At the heart of the case beats a sophisticated chronograph movement manufactured by Chopard’s Artisan Watchmakers and endowed with a precision chronometer, certified by the Swiss Official Chronometer Testing Institute (COSC). Chopard Calibre 03.05-C has a 60-hour power reserve and also features an elaborate design guaranteeing accurate adjustments and optimal use of the timekeeping functions. Equipped with a column wheel, it represents the culmination of several technical innovations for which Chopard has filed three patents resulting from the daring approach of its research and development teams.

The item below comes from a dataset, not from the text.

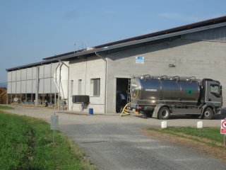 Un’autocisterna, presso un piccolo allevamento di vacche, fa il pieno del latte sottratto loro per le improrogabili esigenze alimentari della specie umana dominante.

Firstly, it is equipped with a unidirectional gearing system that avoids energy losses while ensuring fast winding, a function particularly appreciated for chronographs which are known to be consistently energy-hungry. In addition, its vertical clutch mode guarantees an accurate start for time measurements. This chronograph calibre is also of the flyback variety, enabling smooth and seamless short-time measurements thanks to three elastic-armed pivoting hammers that facilitate zero-resetting the counters. Lastly, the Variner balance equipping the Chopard 03.05-C movement ensures stability by compensating for its inertia variations throughout the period when the watch is in use.
The ninth edition of Only Watch – considered the world’s most important charity watch auction – will be held on 6 November in Geneva. More than 50 watch manufacturers have each donated a unique timepiece, specially created for the occasion. The profits from this sale will be entirely donated to the Monegasque Association against Muscular Dystrophy to help fund research into Duchenne muscular dystrophy, a genetic neuromuscular disease affecting 250,000 children, adolescents and young adults worldwide. Since its creation in 2005, Only Watch has already raised over 70 million Swiss francs.

“We are delighted to support the cause of major scientific research into a disease that affects so many children and adults”, says Karl-Friedrich Scheufele. “Ever since our first participation in 2005, this longstanding commitment has enabled us to develop unique and daring models stemming from lengthy aesthetic and technical research, endowed with powerful distinctive features that our collectors have not necessarily expected.”
Devised by three generations of gentlemen in the Scheufele family, the Alpine Eagle collection is a modern reinterpretation of the St. Moritz, the first horological creation by Karl-Friedrich Scheufele in the late 1970s. With its pure and assertive design, Alpine Eagle enriches this heritage with powerful inspiration drawn from Nature. Featuring a round case with stylised flanks; a material exclusive to Chopard (Lucent Steel A223); a crown engraved with a compass rose; a bezel with eight functional indexed screws; a textured dial with deep colours and luminescent indications; and a seconds hand shaped like an eagle’s feather, Alpine Eagle radiates a resolutely contemporary look of refined elegance.

Chopard’s independence and integrated skills enables the Maison to perform the entire range of the collection’s production and assembly stages in its own workshops, from movement to bracelet as well as components and case.